当前位置：文江博客话题详情

缩小 32 位 RGB 图像的最快算法

发布于 2024-08-10 17:20:38 字数 223 浏览 9 评论 0原文

使用哪种算法将 32 位 RGB 图像缩小到自定义分辨率？算法应该平均像素。

例如，如果我有 100x100 的图像，并且我想要尺寸为 20x50 的新图像。第一个源行的前五个像素的平均值将给出目标的第一个像素，第一个源列的前两个像素的平均值将给出第一个目标列像素。

目前我所做的是首先缩小 X 分辨率，然后缩小 Y 分辨率。我在此方法中需要一个临时缓冲区。

您知道有什么优化方法吗？

原文

分享到QQ

分享到微博

如果你对这篇内容有疑问，欢迎到本站社区发帖提问参与讨论，获取更多帮助，或者扫码二维码加入 Web 技术交流群。

发布评论

需要登录才能够评论，你可以免费注册一个本站的账号。

我做我的改变 2024-08-17 17:20:38

您正在寻找的术语是“重新采样”。在您的情况下，您需要图像重新采样。您似乎已经在进行线性插值，这应该是最快的。这里有大约 6 种基本算法。如果您确实想深入研究该主题，请查看“重采样内核”。

回复收藏 0 原文

梦年海沫深 2024-08-17 17:20:38

完成标准 C 优化（指针算术、定点数学等...）
还有一些更巧妙的优化。（非常）很久以前，我看到一个首先缩放 X 方向的缩放器实现。在写出水平缩放图像的过程中，它在内存中将图像旋转了 90 度。

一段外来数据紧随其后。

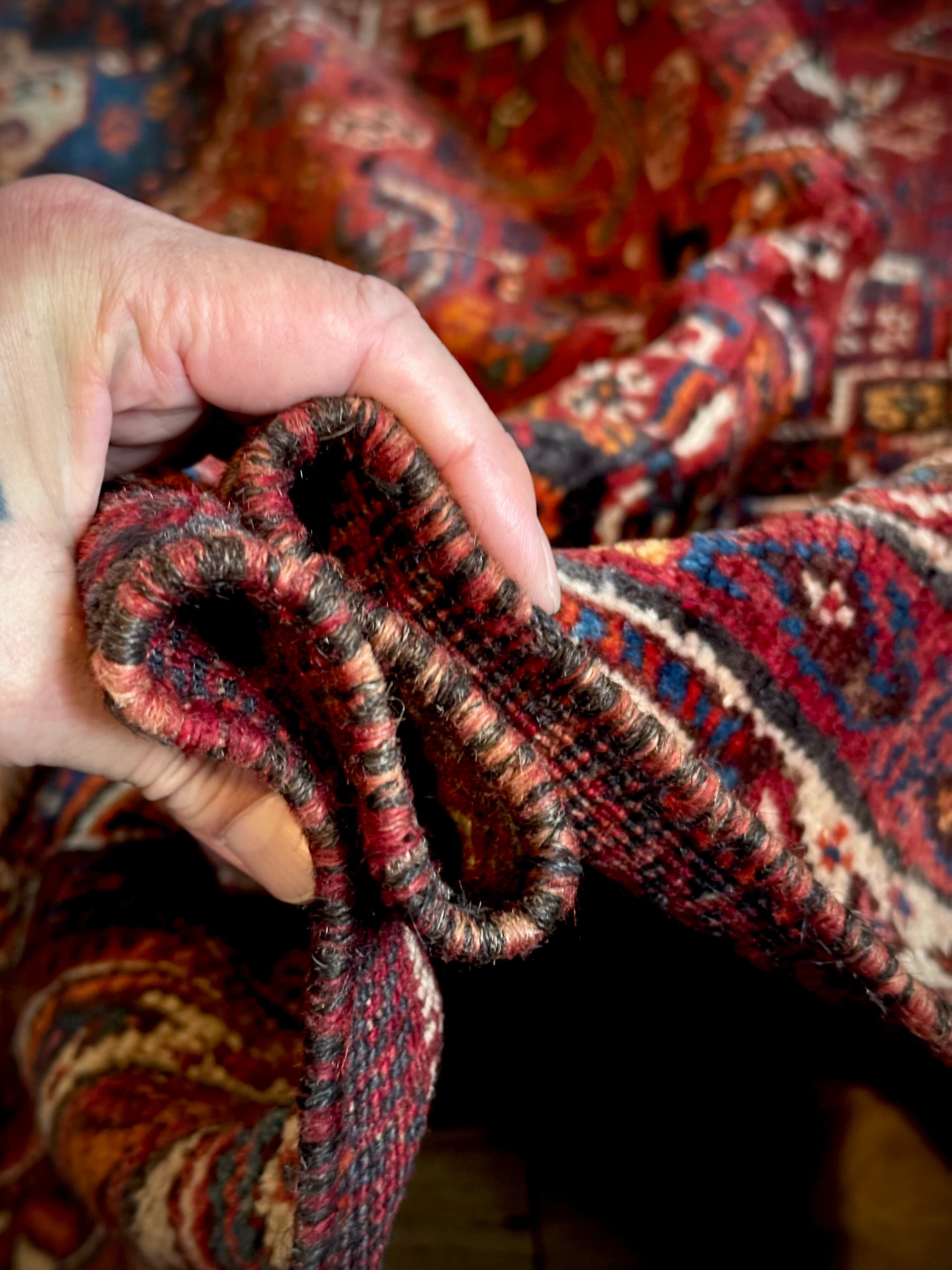 まるで宝石箱をひっくり返したような賑やかで鮮やかなカシュガイ族ならではの絵柄でしょうか。細かく散りばめられた紋様のひとつひとつが見ていて楽しく、色使いの優れたセンスにも魅了されることでしょう。

这样，当需要读取 Y 方向刻度时，内存中的数据会更好地缓存对齐。

该技术在很大程度上取决于它将运行的处理器。

回复收藏 0 原文

混浊又暗下来 2024-08-17 17:20:38

这对适当的像素进行平均。

 w_ratio = src.w / dest.w
 h_ratio = src.h / dest.h

 dest[x,y] = 
    AVG( src[x * w_ratio + xi, y * h_ratio + yi] ) 
      where
           xi in range (0, w_ratio - 1), inc by 1
           yi in range (0, h_ratio - 1), inc by 1

对于边界条件，执行单独的循环（循环中没有 if ）。

这是一个更像 C 的代码：

src 和 dest 是位图：
* 像素属性 src[x,y]
* 宽度属性 src.w
* 高度

像素的属性 src.h 已定义，以便

为简单起见添加

p1 = p1 + p2     
is same as
p1.r = p1.r + p2.r
p1.g = p1.g + p2.g
...

除法

p1 = p1 / c
p1.r = p1.r / c
p1.g = p1.g / c

常量 0 的

p1 = 0
p1.r = 0
p1.g = 0
...

评估，当像素分量整数溢出时我不会考虑问题...

float w_ratio = src.w / dest.w;
float h_ratio = src.h / dest.h;
int w_ratio_i = floor(w_ratio);
int h_ratio_i = floor(h_ratio);

wxh = w_ratio*h_ratio;

for (y = 0; y < dest.w; y++)
for (x = 0; x < dest.h; x++){
    pixel temp = 0;     

    int srcx, srcy;
    // we have to use here the floating point value w_ratio, h_ratio
    // otherwise towards the end it can get a little wrong
    // this multiplication can be optimized similarly to Bresenham's line
    srcx = floor(x * w_ratio);
    srcy = floor(y * h_ratio);

    // here we use floored value otherwise it might overflow src bitmap
    for(yi = 0; yi < h_ratio_i; yi++)
    for(xi = 0; xi < w_ratio_i; xi++)
            temp += src[srcx + xi, srcy + yi];
    dest[x,y] = temp / wxh;
}

Bresenham 线路优化

This averages the appropriate pixels.

 w_ratio = src.w / dest.w
 h_ratio = src.h / dest.h

 dest[x,y] = 
    AVG( src[x * w_ratio + xi, y * h_ratio + yi] ) 
      where
           xi in range (0, w_ratio - 1), inc by 1
           yi in range (0, h_ratio - 1), inc by 1

For boundary conditions do a separate loop (no if's in loop).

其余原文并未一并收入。